**Goal of the exercise:** Leave out all pictures while you copy the lines exactly from the one with "Dyrektor szkoły, Patrycja" through the last line of the listing.

**Input records:**

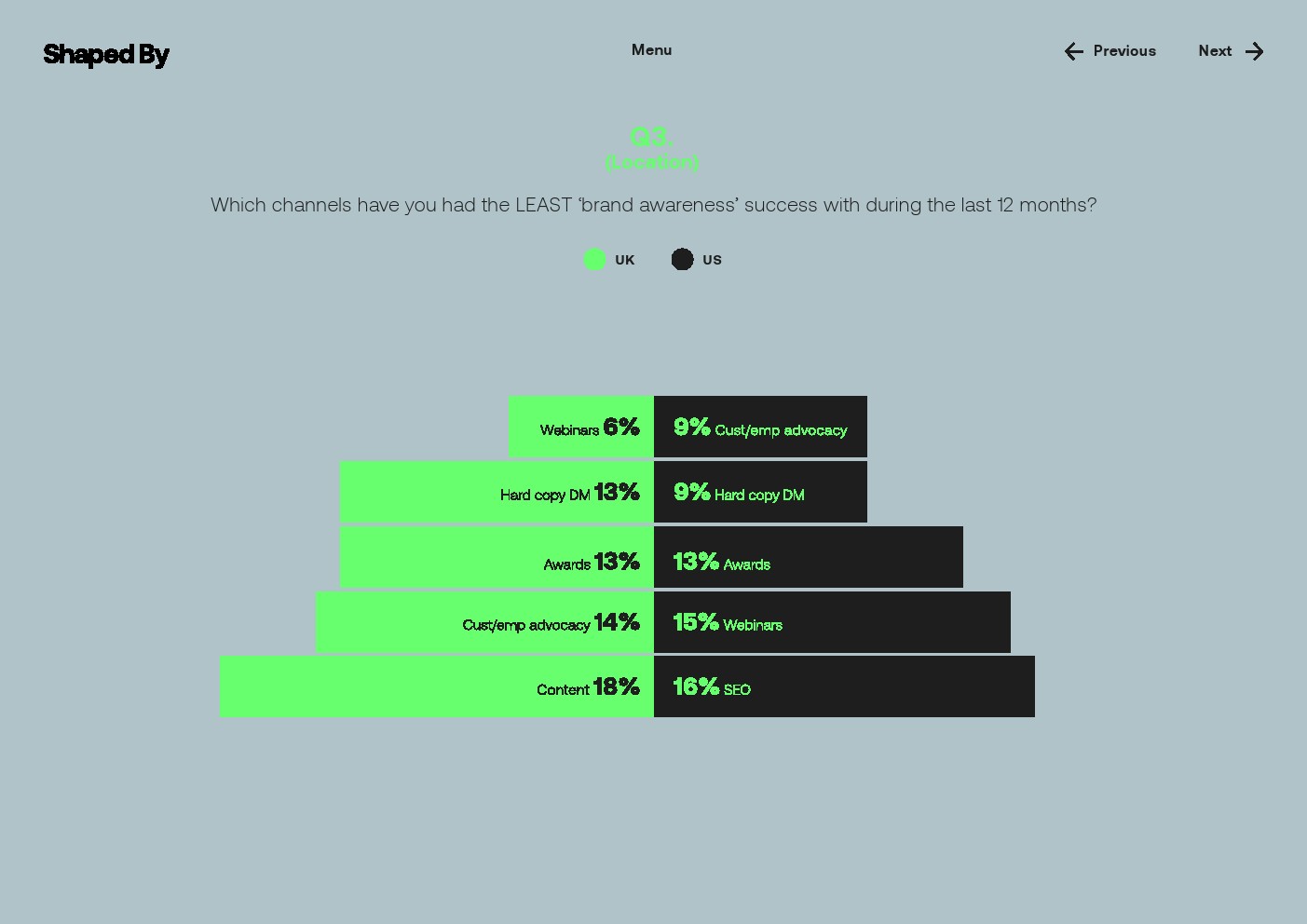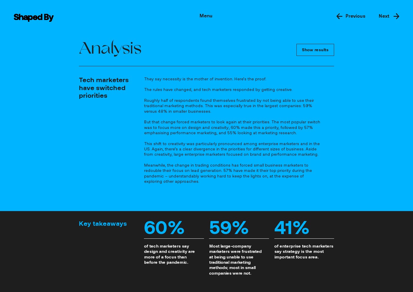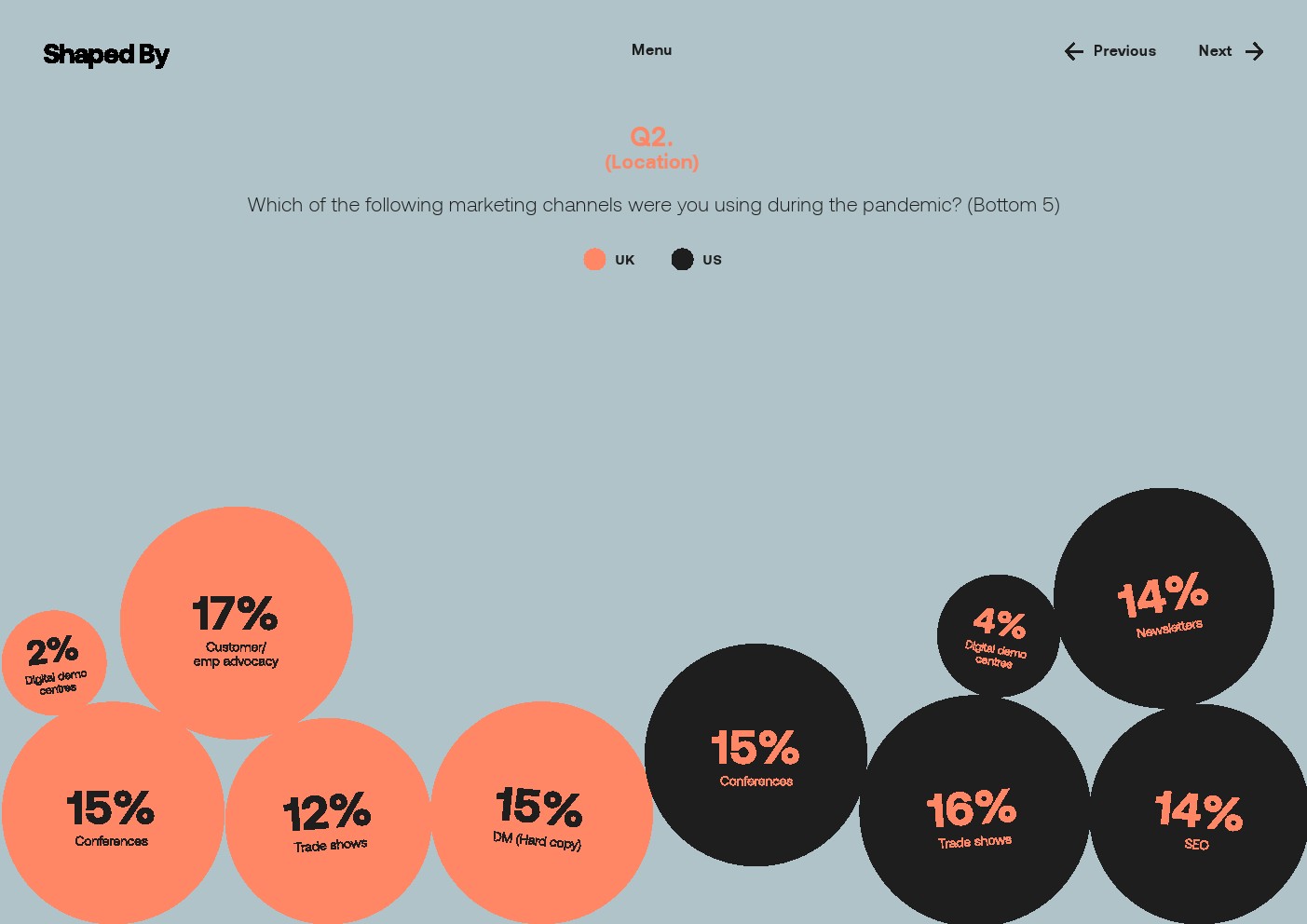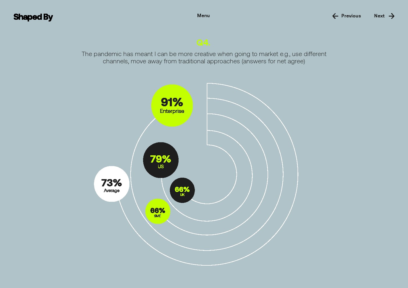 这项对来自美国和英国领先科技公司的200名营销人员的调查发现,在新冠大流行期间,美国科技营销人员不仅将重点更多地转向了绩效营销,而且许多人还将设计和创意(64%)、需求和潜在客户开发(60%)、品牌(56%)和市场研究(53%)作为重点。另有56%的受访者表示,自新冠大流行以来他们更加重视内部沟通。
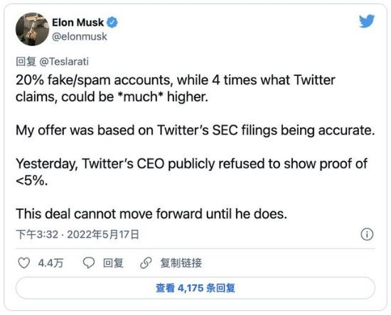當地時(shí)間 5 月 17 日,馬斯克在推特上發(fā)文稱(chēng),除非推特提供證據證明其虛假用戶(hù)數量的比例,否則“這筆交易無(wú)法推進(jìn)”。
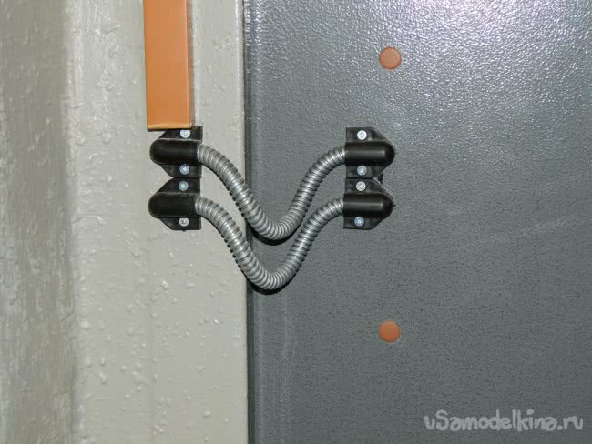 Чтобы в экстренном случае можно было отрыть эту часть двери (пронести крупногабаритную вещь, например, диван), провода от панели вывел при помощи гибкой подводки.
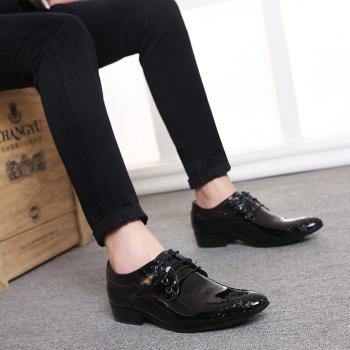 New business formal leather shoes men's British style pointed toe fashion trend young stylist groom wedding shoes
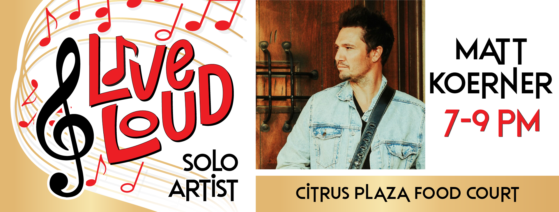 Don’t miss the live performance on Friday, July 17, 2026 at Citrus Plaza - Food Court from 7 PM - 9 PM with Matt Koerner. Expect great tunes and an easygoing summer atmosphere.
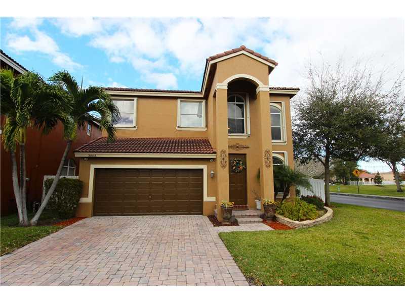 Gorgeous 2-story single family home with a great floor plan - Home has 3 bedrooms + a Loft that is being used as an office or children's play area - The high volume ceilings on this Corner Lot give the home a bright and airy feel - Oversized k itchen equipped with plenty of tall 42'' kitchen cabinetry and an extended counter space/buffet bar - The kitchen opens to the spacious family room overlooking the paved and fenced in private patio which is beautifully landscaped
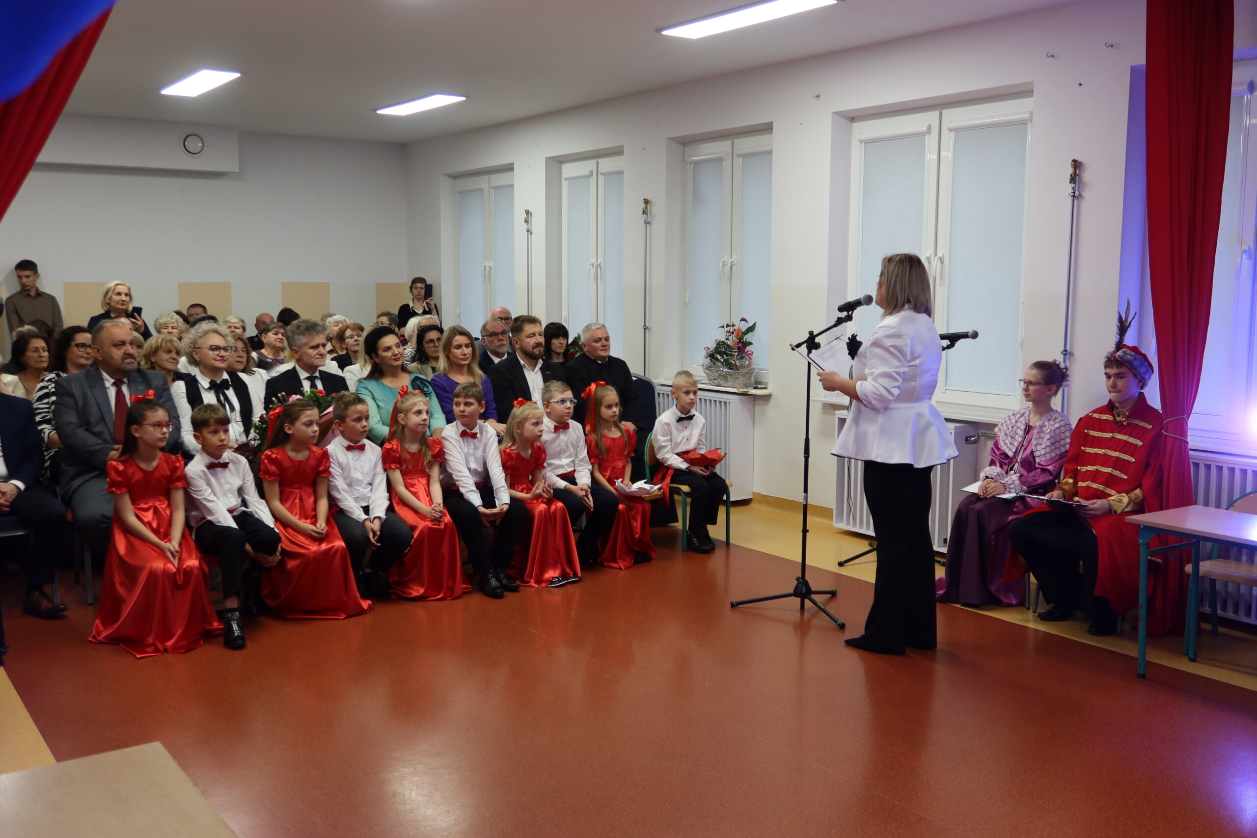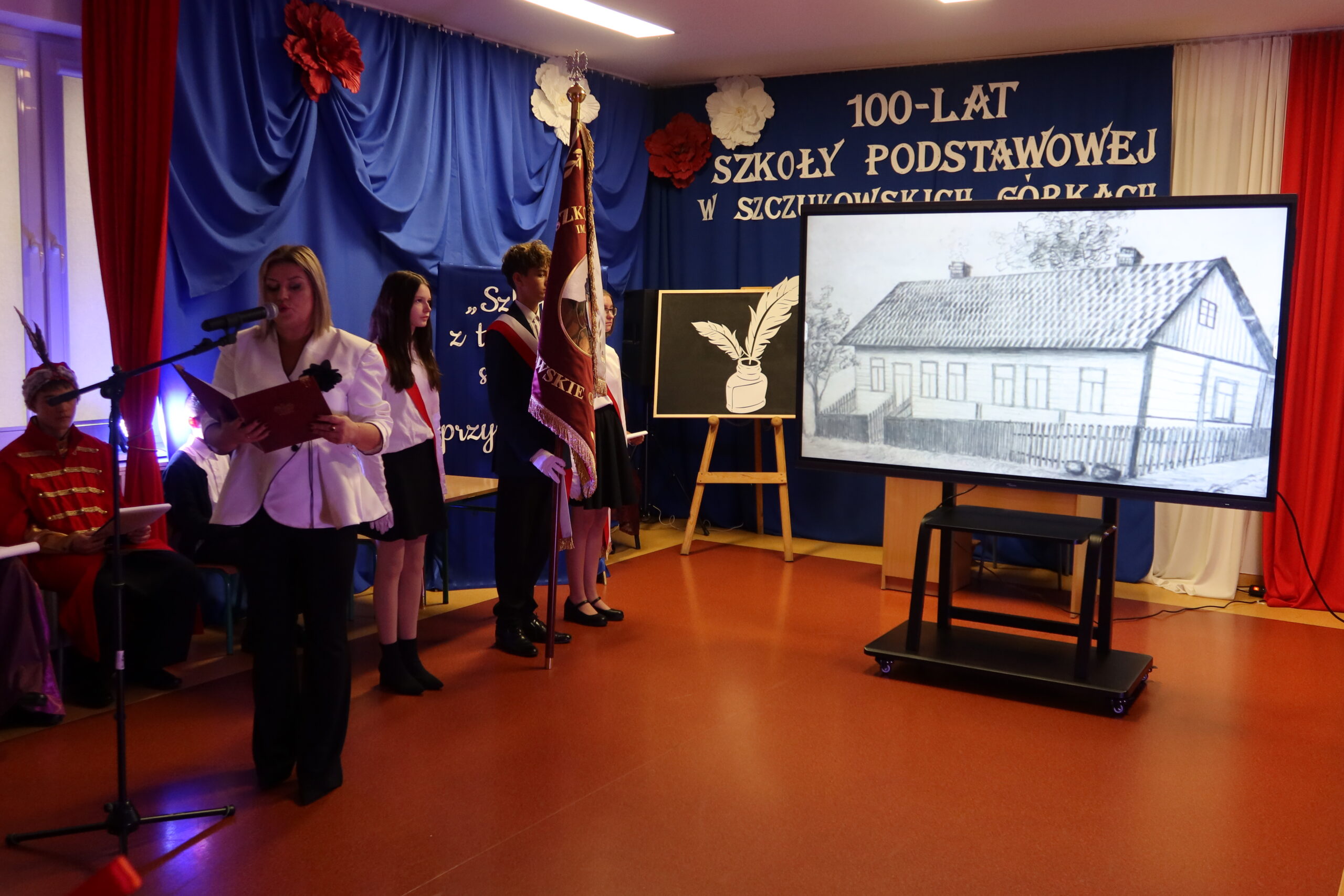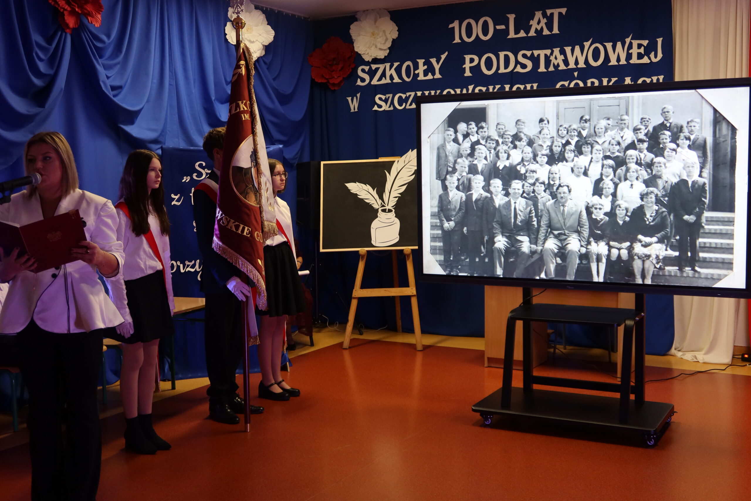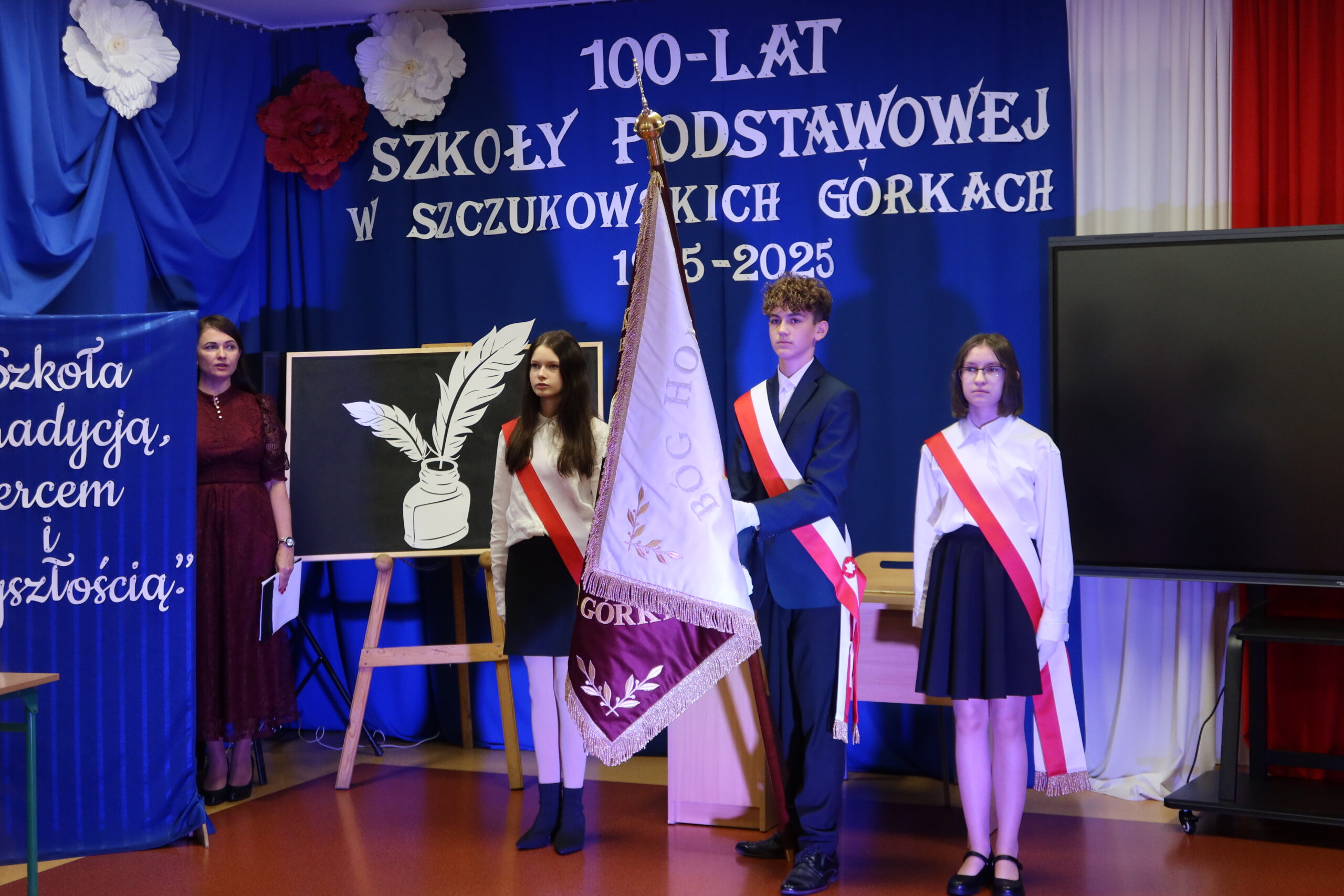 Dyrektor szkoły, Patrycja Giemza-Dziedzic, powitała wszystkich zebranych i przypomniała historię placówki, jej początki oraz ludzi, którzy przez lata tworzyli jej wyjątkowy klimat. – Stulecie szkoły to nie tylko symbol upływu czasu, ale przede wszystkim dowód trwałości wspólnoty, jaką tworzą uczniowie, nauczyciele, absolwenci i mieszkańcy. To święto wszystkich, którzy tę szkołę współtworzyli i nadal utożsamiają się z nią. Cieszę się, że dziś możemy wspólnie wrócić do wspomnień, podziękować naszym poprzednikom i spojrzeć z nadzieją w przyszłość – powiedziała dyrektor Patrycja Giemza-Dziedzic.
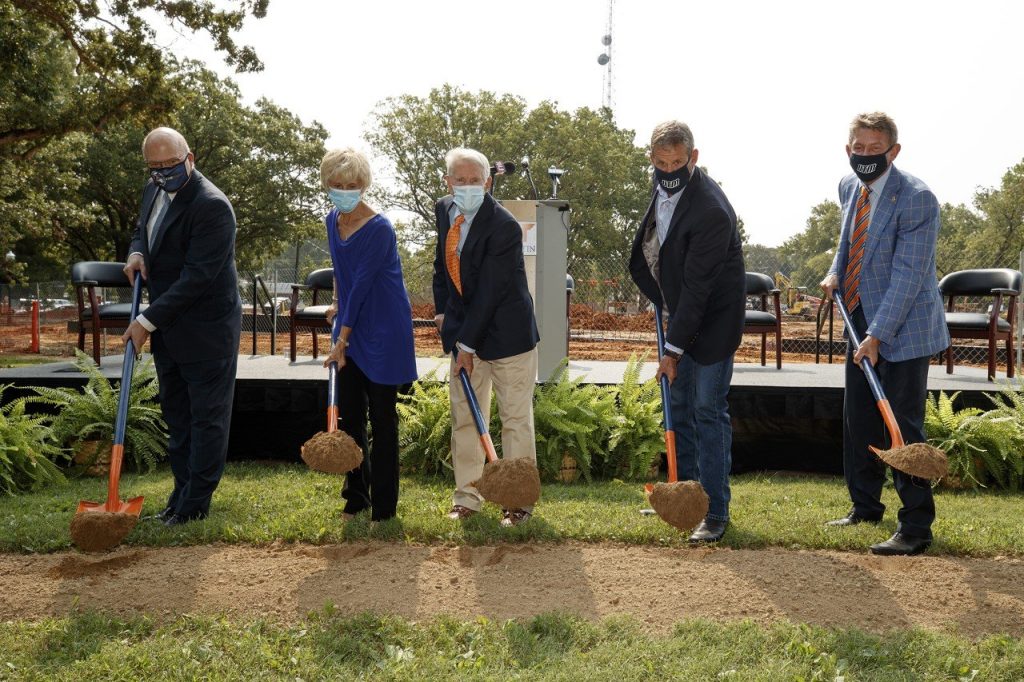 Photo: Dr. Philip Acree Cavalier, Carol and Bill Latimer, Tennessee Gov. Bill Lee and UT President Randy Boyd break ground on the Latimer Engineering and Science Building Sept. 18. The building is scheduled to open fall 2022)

**Solution for this task:**
 Dyrektor szkoły, Patrycja Giemza-Dziedzic, powitała wszystkich zebranych i przypomniała historię placówki, jej początki oraz ludzi, którzy przez lata tworzyli jej wyjątkowy klimat. – Stulecie szkoły to nie tylko symbol upływu czasu, ale przede wszystkim dowód trwałości wspólnoty, jaką tworzą uczniowie, nauczyciele, absolwenci i mieszkańcy. To święto wszystkich, którzy tę szkołę współtworzyli i nadal utożsamiają się z nią. Cieszę się, że dziś możemy wspólnie wrócić do wspomnień, podziękować naszym poprzednikom i spojrzeć z nadzieją w przyszłość – powiedziała dyrektor Patrycja Giemza-Dziedzic.
 Photo: Dr. Philip Acree Cavalier, Carol and Bill Latimer, Tennessee Gov. Bill Lee and UT President Randy Boyd break ground on the Latimer Engineering and Science Building Sept. 18. The building is scheduled to open fall 2022)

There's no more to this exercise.